Les tests génétiques sont en train de se démocratiser et de se répandre de façon parfois incontrôlée. C’est ainsi que l’on voit des sociétés privées proposer sur internet des tests « do-it-yourself » dont on reçoit les résultats par simple mail, sans pouvoir en comprendre vraiment la portée. Le KCE est d’avis que les tests portant sur la prédisposition au cancer doivent rester réservés aux huit centres de génétique belges, car ils sont les seuls à disposer de l’expertise pour fournir l’information nuancée et l’accompagnement psychologique que nécessitent de telles démarches. L’intégration des tests et des consultations des généticiens dans le fonctionnement des cliniques du sein auxquelles ils sont liés par convention devrait idéalement renforcer leur collaboration. Toutefois, ces centres ont à l’heure actuelle des approches trop divergentes ; il est nécessaire qu’ils harmonisent leurs pratiques.

Deuxième rapport : les tests de profilage moléculaire

L’autre rapport du KCE publié aujourd’hui porte non plus sur la prédisposition héréditaire des individus, mais sur les caractéristiques génétiques des cellules tumorales elles-mêmes. Ces tests dits  « de profilage moléculaire » ne sont pas encore proposés en routine. En fonction des mutations qu’ils identifient dans le tissu cancéreux prélevé chez une patiente, ils permettent de prédire plus ou moins précisément quel sera son risque de métastases ou de récidive de la tumeur.
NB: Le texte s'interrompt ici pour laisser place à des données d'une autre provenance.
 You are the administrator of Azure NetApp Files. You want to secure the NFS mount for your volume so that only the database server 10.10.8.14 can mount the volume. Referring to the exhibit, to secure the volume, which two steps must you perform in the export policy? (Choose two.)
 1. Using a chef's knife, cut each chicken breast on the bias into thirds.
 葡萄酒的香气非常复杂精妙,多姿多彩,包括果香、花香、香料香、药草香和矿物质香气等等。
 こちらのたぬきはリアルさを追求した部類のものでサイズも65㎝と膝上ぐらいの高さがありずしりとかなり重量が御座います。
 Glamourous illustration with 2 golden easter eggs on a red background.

Par conséquent, on peut envisager d’épargner l’épreuve de la chimiothérapie aux femmes chez qui ce risque est considéré comme faible, sans pour autant diminuer leurs chances de survie.
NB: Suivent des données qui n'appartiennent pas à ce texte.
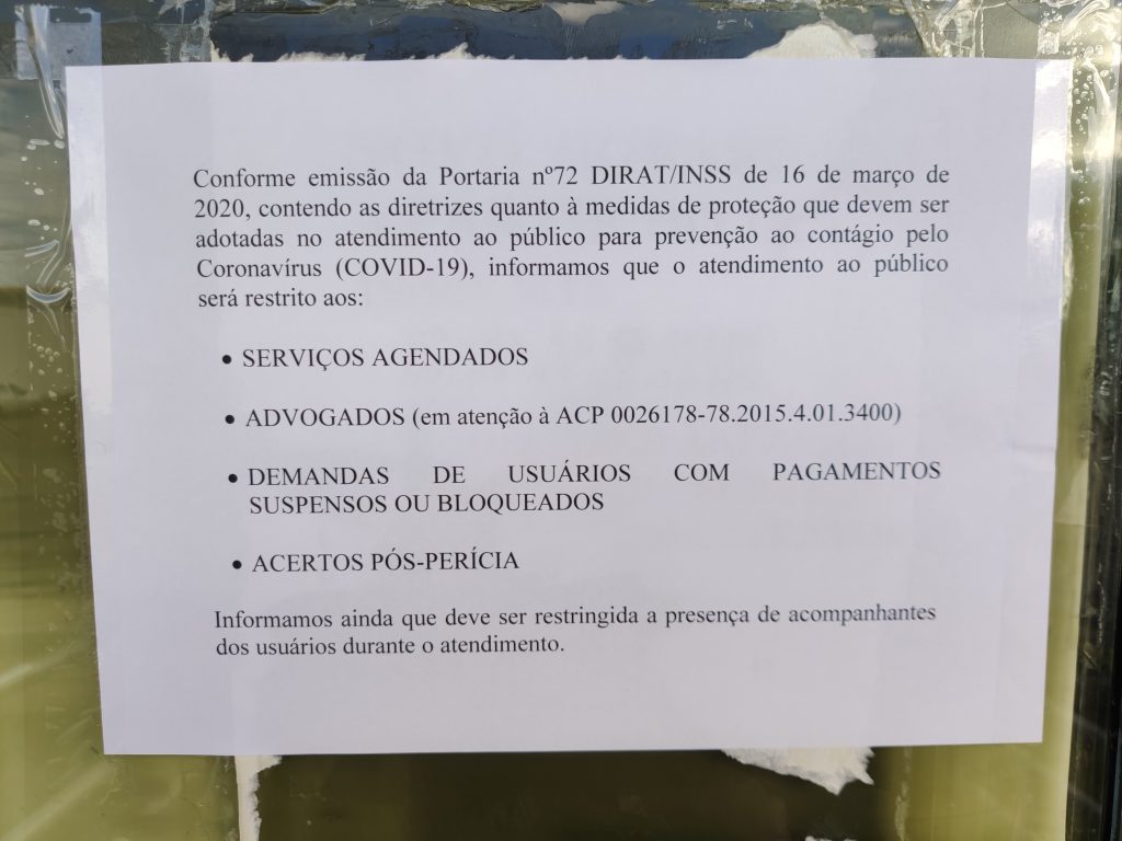 A reportagem do portal Atitude esteve no INSS de Gurupi na tarde desta terça-feira e deparou com o órgão fechado com um cartaz na porta informando a Portaria número 72 com as diretrizes quanto às medidas de proteção que devem ser adotadas no atendimento público para prevenção do contágio pelo Coronavírus (COVID-19). Nela consta que os atendimentos serão restritos aos serviços agendados, advogados (em atenção a ACP 0026178-78.2015.4.01.3.400) e acertos pós-perícia.

Mais on ne se lance pas dans de tels paris sans être certain de les gagner. Il est donc indispensable de disposer de preuves solides de la fiabilité de ces tests. Or dans ce domaine aussi, les tests se multiplient et la pression commerciale s’intensifie. Il devient urgent de déterminer une ligne de conduite pour les cliniciens qui doivent y recourir. Quels sont les tests qui ont prouvé leur utilité clinique – sachant que celle-ci se mesure par le nombre de rechutes évitées à long terme c’est-à-dire à 10, 15 ou 20 ans ? Et comme tout cela a un coût non négligeable, est-ce que l’usage de ces tests reste dans les limites de l’acceptable ?
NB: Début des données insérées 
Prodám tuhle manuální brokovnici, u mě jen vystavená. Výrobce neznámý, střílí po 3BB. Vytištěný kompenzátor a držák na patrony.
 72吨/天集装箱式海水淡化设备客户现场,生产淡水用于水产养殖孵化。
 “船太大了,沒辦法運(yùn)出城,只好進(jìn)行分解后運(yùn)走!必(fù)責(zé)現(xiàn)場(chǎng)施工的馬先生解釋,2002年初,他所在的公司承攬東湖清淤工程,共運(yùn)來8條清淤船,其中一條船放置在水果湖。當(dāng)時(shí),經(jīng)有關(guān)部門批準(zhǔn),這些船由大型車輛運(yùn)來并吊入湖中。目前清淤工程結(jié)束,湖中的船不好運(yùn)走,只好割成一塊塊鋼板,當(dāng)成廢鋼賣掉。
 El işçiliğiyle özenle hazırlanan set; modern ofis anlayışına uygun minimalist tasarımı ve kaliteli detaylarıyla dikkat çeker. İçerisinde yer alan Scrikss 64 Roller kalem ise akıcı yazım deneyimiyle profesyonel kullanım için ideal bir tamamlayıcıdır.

Cette étude d’évaluation de l’efficacité clinique, du rapport coût-efficacité et de l’impact budgétaire des tests de profilage moléculaire ne donne qu’un aperçu de la situation actuelle dans un tourbillon incessant de nouvelles découvertes. C’est néanmoins le point de référence le plus fiable que nous ayons. Le KCE souligne qu’il faudra revenir rapidement sur le sujet dans les années qui viennent pour être certains de rester toujours à la pointe des nouveaux progrès.

NB : le KCE a réuni sur son site web l’ensemble de ses études portant sur le cancer du sein (dépistage et traitement) en une page FOCUS spécifique.